Table 1. Primers used in quantitative reverse transcriptase PCR
Correlation of gene expression was measured using Spearman's rho statistic. Receiver operating curve analysis was used to determine the best cut-off value for survival classification. This cut-off value was then used to analyse survival by log-rank analysis and (was visualised by) Kaplan-Meier survival curves. Hypotheses were tested using a 5% significance level. All tests were two-sided.
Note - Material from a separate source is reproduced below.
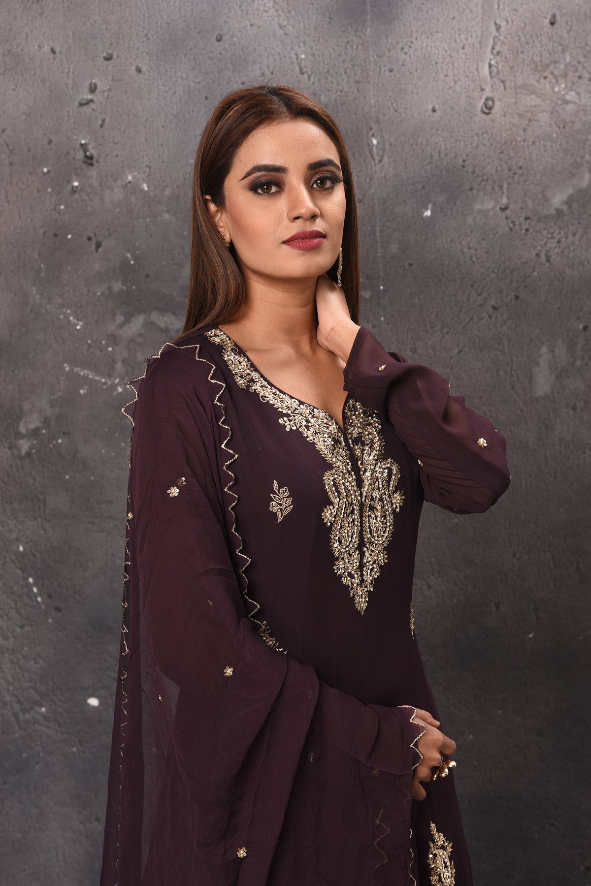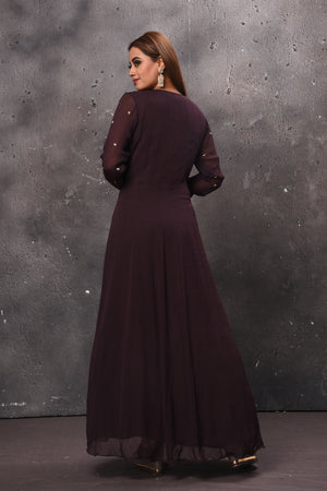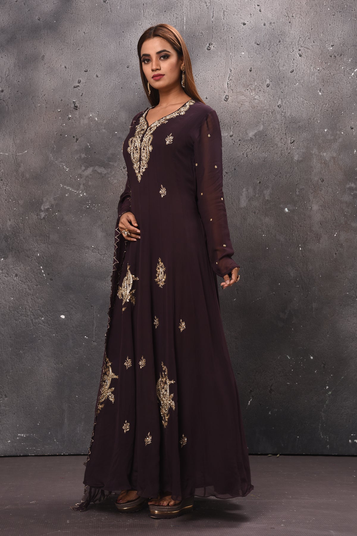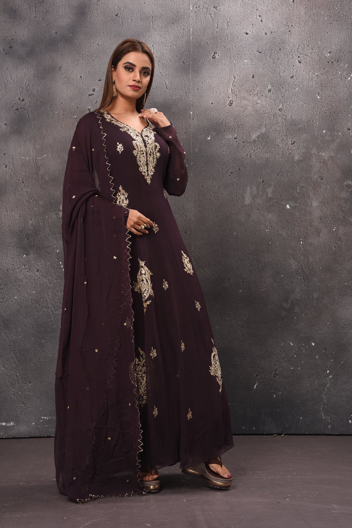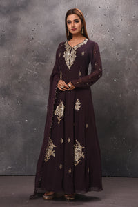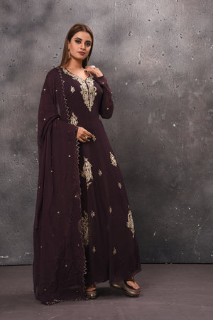 Be the center of attraction in this stunning coffee brown embroidered Anarkali suit with dupatta

Twenty-three surgical samples were obtained from operative specimens removed at the first presentation of the patient's disease and one additional sample was taken from a patient with recurrent disease. All patients underwent de-bulking surgery including total abdominal hysterectomy (TAH), bilateral salpingo-oophorectomy (BSO) and omentectomy followed by carboplatin/paclitaxel-based adjuvant chemotherapy. All patients in this study presented with stage III/IV disease with poorly differentiated serous papillary adenocarcinoma being the predominant histological type. Seven patients presented with primary peritoneal carcinoma. Median survival was 32 months with a range of 1–57 months. Individual clinical details are presented in Table 2. In this series there was no significant correlation between clinical parameters (ascites, degree of differentiation, residual tumor, tumor type or age) and survival.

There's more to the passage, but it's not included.